Lrp-like proteins are typically 15 kDa monomers in which two domains are defined: the N-terminal DNA-binding domain, containing a HTH motif, and a C-terminal domain that facilitates oligomerization and effector binding (Figure 1(a)). This motif is a winged HTH, which is the most abundant DNA-binding motif found in archaea [2]. The C-terminal part is also called Regulation of Amino acid Metabolism (RAM) domain [33]. These two domains are connected through a hinge of approximately 15 amino acids in length and containing one β strand (β1). In all known crystal structures this linker is rather well structured, demonstrating a conformational rigidity to a certain extent.

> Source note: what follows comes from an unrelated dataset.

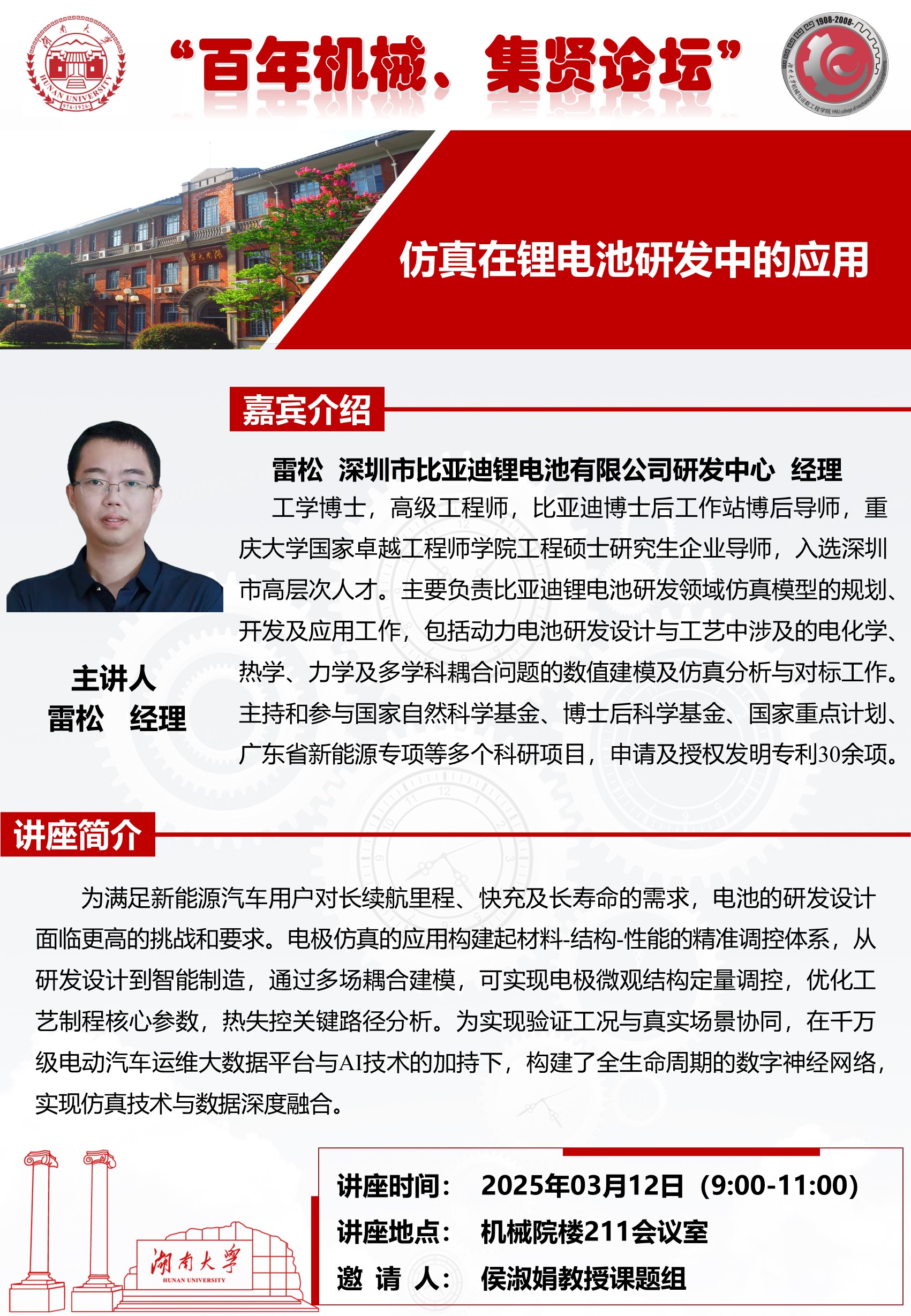 “百年机械、集贤论坛”——雷松

The C-terminal RAM domain, which adopts an α β sandwich fold having an antiparallel β sheet composed of 4 strands “sandwiched” between 2α helices, is responsible for oligomerization (Figure 1(a)). The minimal functional structural unit is a dimer that is formed by an interaction between different β strands, β2, and β5, belonging to the two RAM domains and establishing a stable hydrophobic core (Figure 1(b)). In solution, archaeal Lrp-type regulatory proteins form not only dimers, but also frequently multimers of dimers: tetramers, hexamers, octamers, or dodecamers [28, 29, 3440]. These higher association states are achieved through further interactions between the C-terminal cores of dimeric forms, involving the β5 and α chains (Figure 1(c)). The resulting higher-order assembly exhibits a central core of interacting RAM domains and the DNA-binding domains facing outwards. Generally, an oligomeric heterogeneity is observed, in which the relative concentration of each oligomeric species is influenced by factors such as pH, protein concentration, DNA binding, or the binding of specific effector molecules [2830, 41, 42]. This complex dynamic equilibrium of different oligomeric states is one of the key determinants of the regulatory mechanisms of Lrp-like proteins and the way they respond to their effectors. Several archaeal stand-alone RAM protein structures, lacking a DNA-binding domain, have been reported as well [4143]. As yet, their exact physiological significance remains unclear.

4. Binding of Effector Molecules

Small molecules, representing nutritional or metabolic “signals”, bind the Lrp-like regulatory proteins and induce regulatory effects. To date, all small molecules that bind Lrp-like regulators are amino acids (Table 1) [30, 31, 38, 41, 42, 44, 45]. Most regulators, of which the function is characterized, are involved in regulating amino acid metabolism. This suggests that variations in cellular amino acid concentrations lead to a direct and fast response in gene expression. The amino acid molecules that interact with an Lrp-like regulator can either result from de novo biosynthesis or originate from the environment after uptake by the cell, which is generally an energetically more economical process. Ligand specificity can vary notably. Some regulators have a broad amino acid specificity range while others are restricted to interact with only one type of amino acid (Table 1). In contrast with bacterial Lrp-like regulators, for which only amino acids have been identified as effectors, it appears that some archaeal Lrp-like proteins might interact with other small molecules. The indications for this are that some of the regulators are also involved in other metabolic processes apart from amino acid metabolism and that sequence conservation in the ligand-binding pocket of certain archaeal proteins is very low as compared to proteins known to bind amino acids. None of the twenty amino acids have an effect on DNA binding by Ss-LrpB from Sulfolobus solfataricus and by the regulator encoded by ST1115 from Sulfolobus tokodaii (unpublished observations from our laboratory). Although not experimentally proven, it is also predicted that LrpA from P. furiosus, Ptr2 from Methanocaldococcus jannaschii, and several Lrp-like regulators from P. horikoshii do not interact with amino acids [26, 28, 46]. Furthermore, the stand-alone RAM domain protein DM1 has been reported to respond also to other metabolic intermediates besides amino acids, such as 2-oxoglutarate [25].

Table 1
Archaeal Lrp-like regulators with identified effector molecules. Generally, effector molecules have been identified based on effects on association state or DNA binding. This does not imply that they have a regulatory function. Stand-alone RAM domain ...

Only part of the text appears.